The figure eight knot is a hyperbolic knot , its hyperbolic volume is

Here is the Bloch-Wigner dilogarithm and .

The hyperbolic structure is given by the faithful and discrete representation

.

The hyperbolic structure on the complement of the figure eight knot was discovered by Riley in 1975. This example motivated Thurston to search for hyperbolic structures on further node complements, which ultimately led to the geometrization conjecture .

The figure eight knot is the only arithmetic hyperbolic knot.

In 2001, Cao and Meyerhoff proved that the figure eight knot is the hyperbolic knot of smallest volume.

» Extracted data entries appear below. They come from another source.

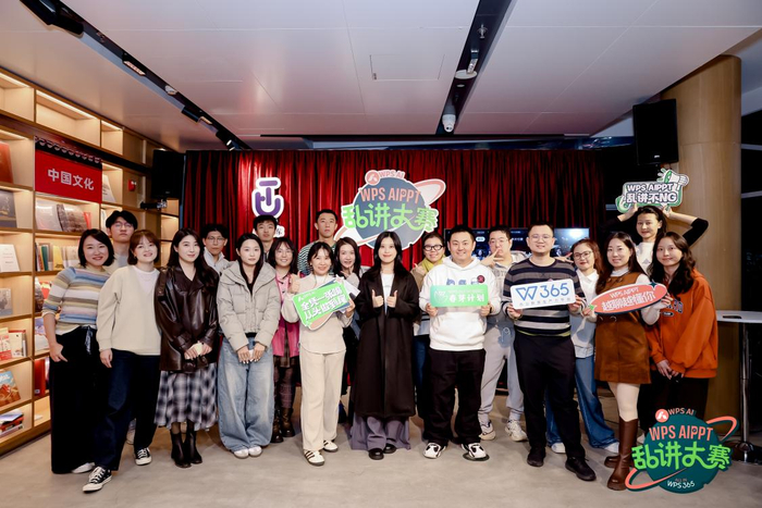近日,金山办公与清华大学脱口秀社团“无问嘻东”联合主办的首届“WPS AIPPT乱讲大赛”在PAGEONE CAFE举行。知名喜剧演员孟阳、浩楠、张丹槟空降活动现场,与来自清华大学、北京大学的脱口秀社团成员一起带来精彩表演。
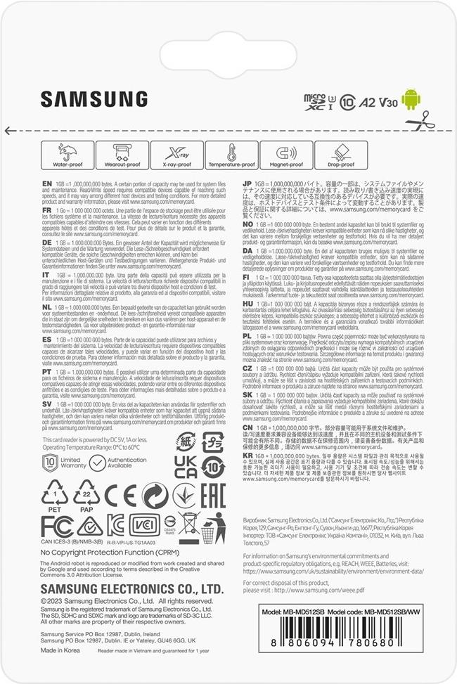 Samsung PRO Plus MB-MD512SB - Flash-Speicherkarte - 512 GB - A2 / Video Class V30 / UHS-I U3 / Class10 - microSDXC UHS-I - Blau
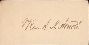 Visiting card of Rev. A. N. Arnold (previously loose in F. R. Chesney, Expedition for the Survey of the Rivers Euphrates and Tigris . . ., vol. 1, London, 1850).
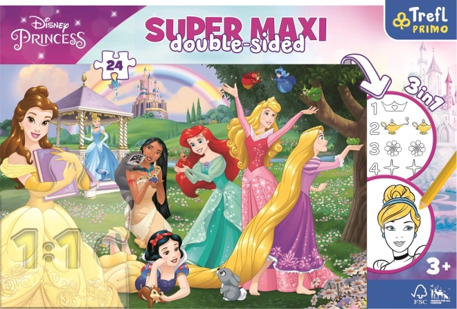 Dwustronne puzzle Super Maxi zapewniają dzieciom podwójną porcję zabawy. Jedna strona oferuje kolorowy motyw z księżniczkami DISNEY PRINCESS i 24 dużymi elementami, które łatwo układa się małym rączkom. Druga strona służy jako kolorowanka oraz prosta aktywność z liczeniem, wspierająca myślenie logiczne i koordynację oko–ręka.
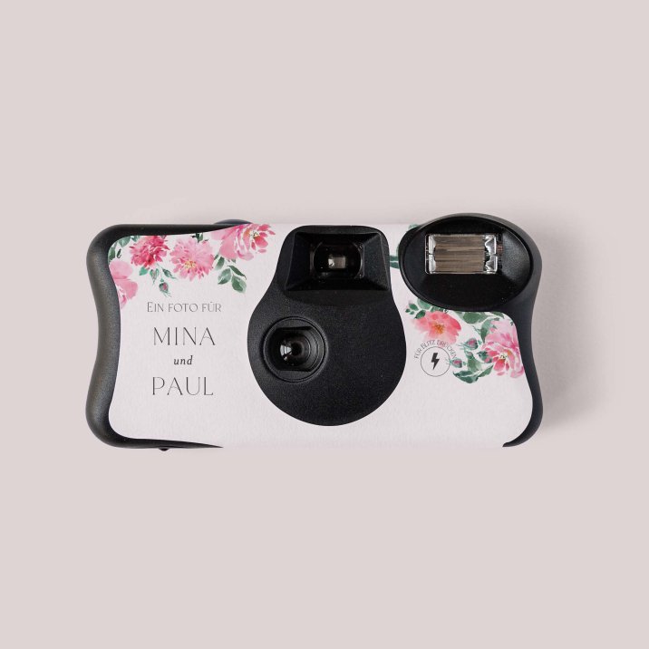 Versehen Sie die Einwegkamera für Ihre Hochzeit mit einem selbstklebenden, individuell gestaltbaren Etikett, das perfekt zum Thema Ihres großen Tages passt.

Simple square representation of the figure-eight configuration.
Symmetrical representation generated by parametric equations.
Seifert surface for a figure eight knot.

See also

Web links

Commons : Figure-eight knots (knot theory)  - Collection of images, videos and audio files

Individual evidence

  1. Eric W. Weisstein : Figure Eight Knot . In: MathWorld (English).
  2. Mehmet Haluk Șengün: An introduction to A-polynomials and their Mahler measures.
  3. Johannes Diemke: Torus node (PDF; 2.0 MB) informatik.uni-oldenburg.de. Archived from the original on January 8, 2013. Info: The archive link was automatically inserted and not yet checked. Please check the original and archive link according to the instructions and then remove this notice. Retrieved May 19, 2012. @1@ 2Template: Webachiv / IABot / www.informatik.uni-oldenburg.de
  4. ^ Robert Riley : A quadratic parabolic group. Math. Proc. Cambridge Philos. Soc. 1975, 77: 281-288.
  5. ^ Alan Reid , Arithmeticity of Knot Complements. J. London Math. Soc. (2) 43 (1991) no. 1, 171-184.
  6. Chun Cao , Robert Meyerhoff : The orientable cusped hyperbolic 3-manifolds of minimum volume. Invent. Math. 146 (2001), no. 3, 451-478.